I need a help with realization of naïve Bayes method for two dice - one of them is a 'normal' die with six sides such that each of the sides comes up with equal probability of 1/6. The other one is a loaded die that gives the outcome 6 with every second try.
My program should get as its input the choice of the die and then simulates a sequence of ten rolls.
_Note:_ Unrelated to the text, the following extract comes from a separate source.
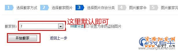 - 建立存放圖片的分類后,點(diǎn)擊開始搬家。

I have to start from the odds 1:1, and then apply the Naive Bayes method to update the odds after each outcome to decide which of the dice was chose (most likely). It should return True if the most likely die is the loaded one, and False otherwise.
My code:
import numpy as np
p1 = [1/6, 1/6, 1/6, 1/6, 1/6, 1/6] # normal
p2 = [1/10, 1/10, 1/10, 1/10, 1/10, 1/2] # loaded
def roll(loaded):
if loaded:
print("a loaded die")
p = p2
else:
print("a normal die")
p = p1
# roll the dice 10 times
sequence = np.random.choice(6, size=10, p=p) + 1
for roll in sequence:
print("rolled %d" % roll)
return sequence
def bayes(sequence):
odds = 1.0 # start with odds 1:1
for roll in sequence:
for i in range(len(p1)):
r = p1[i]/p2[i]
if r == 10/6:
odds = 1.0*(10/6)**roll
elif r == 1/3:
odds = 1.0*(1/3)**roll
if odds > 1:
return True
else:
return False
sequence = roll(True)
if bayes(sequence):
print("More likely loaded")
else:
print("More likely normal")
The idea was to distinguish between the case of 0.1 and 0.5 probabilities for the loaded dice, but unfortunately the code doesn't properly work. Could you help me, please?
if r == 10/6:
odds = 1.0*(10/6)**roll
elif r == 1/3:
odds = 1.0*(1/3)**roll
Did you consider the possibility that neither of these is the case? Let's examine it directly:
>>> ((1/6) / (1/10)) == 10/6
False
Huh. It turns out you can't expect floating-point numbers to do that.
But there is no reason to perform this conditional check anyway, because you want to do fundamentally the same thing regardless of the value of r.
Simply:
odds = 1.0 * r**roll
Separately, you don't need Numpy for this (check out random.choices). There's also a Fraction type provided in the standard library.